Foxboron · on Jan 31, 2023

They don't really do any source authentication at all. There is no strategy for checking gpg/minisign/whatever signatures and fetching keys to validate these things.

ArchOversight · on Jan 30, 2023

I remember a similar breakage happening before due to internal git changes, and thought it was common knowledge to upload your own signed tarballs for releases.

rektide · on Jan 30, 2023

Now please give us compression options beyond gzip? :) Some zstd & lz4 please?

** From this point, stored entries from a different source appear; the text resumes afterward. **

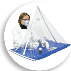
For laboratory investigations on a bench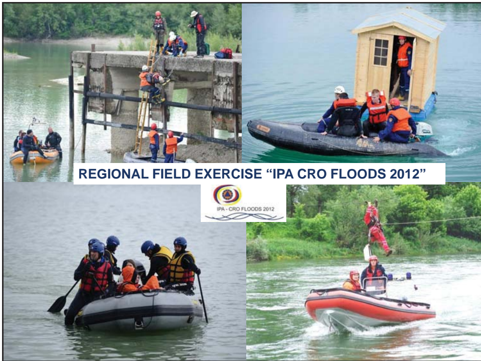
REGIONAL FIELD EXERCISE "IPA CRO FLOODS 2012"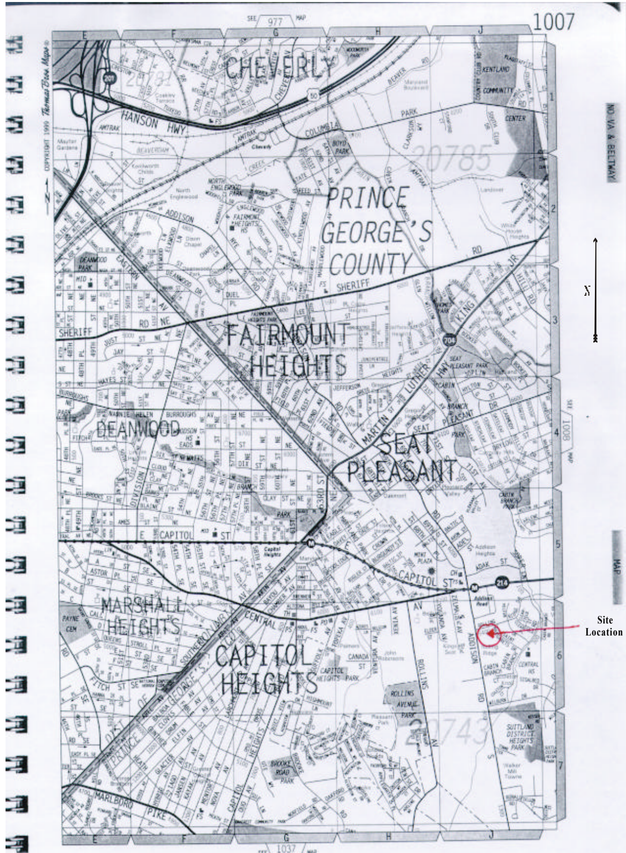
Figure 1. Facility Location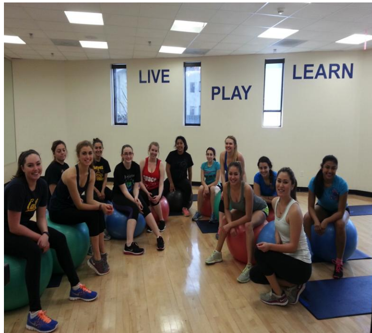
Pictured Above: Women's weight training class, Spring 2014.

Obviously an increase in muscle strength is going to shine through in athletic performances, but the degree to which it does is astounding. Golfers can significantly increase their driving power. Cyclists are able to continue for longer periods of time with less fatigue. Skiers improve technique and reduce injury. Whatever sport you play, strength training has been shown to improve overall performance as well as decrease the risk of injury. A well-rounded weightlifting program should target all major muscle groups, which allows all of the muscles to develop in proportion to each other and is crucial for athletes whose sports primarily only utilize a few select muscle groups. A proportionate muscle composition means that there are fewer incidences of overdeveloped muscle groups compensating for weaker elements of the body, and thus a lower risk of injury to both muscles and joints.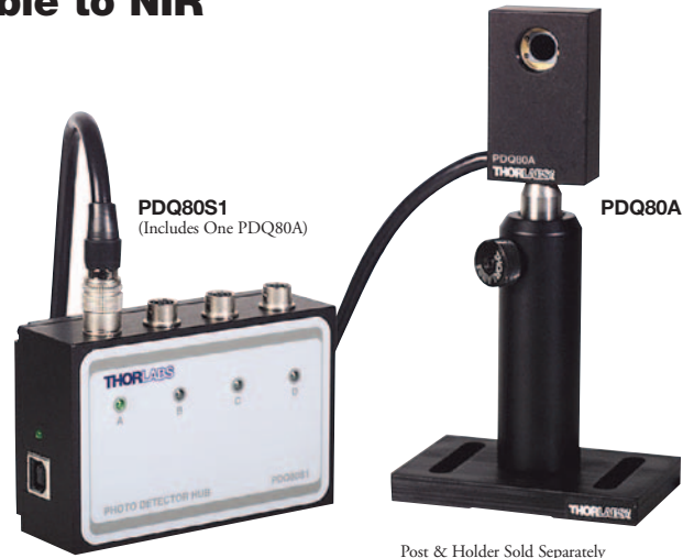
Post & Holder Sold Separately

Monitor Up to Four Quadrant Detectors as a Stand-Alone System or With a Computer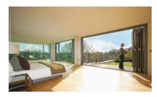
... and neatly stacks to provide maximum space

metrognome · on Jan 30, 2023

I wonder if this incident will encourage our industry to build more robust forms of artifact integrity verification, or if we will instead codify the status quo of "we guarantee repos to be archived deterministically." To me, the latter seems like a more troubling precedent.

bentley · on Jan 30, 2023

We’ve regressed from the previous norm of open source projects providing stable source tarballs with fixed checksums, sometimes even with cryptographic signatures.

reindeerer · on Jan 31, 2023

That norm still exists, and it's offered by Github in form of Github Releases feature as well.

It's the downstream tooling ( i.e. all the builds and package managers ) that need to clean their act up.

JonChesterfield · on Jan 31, 2023

If the source tar changes, how do you propose the downstream tooling distinguishes between data corruption, MITM attack and upstream deciding to change the number without notifying anyone?

reindeerer · on Feb 6, 2023

That's the whole point, source tars when properly versioned don't change. And you can get unchanged versions from any mirror in the world. sha256 of linux-2.6.10 release is 404e33da7c1bf271e0791cd771d065e19a2b1401ef8ebb481a60ce8ddc73e131, it wont change

rswail · on Jan 31, 2023

This is being driven in industry by the push by US FedGov (via NIST) to have supply chain verification after the recent hacks.

POTUS issued an EO and NIST have been following up, leading to the promotion of schemes such as spdx https://tools.spdx.org/app/about/

Where I work is also required to start documenting our supply chain as part of the (new, replacing PCI-DSS) PCI-SFF certification requirements, which requires end-to-end verification of artifacts that are deployed within PCI scope.

So really, the arguments about CPU time etc are basically silly. The use of SHA hashes for artifacts that don't change will be a requirement for anyone building industrial software, or supplying to government, or in the money transacting business.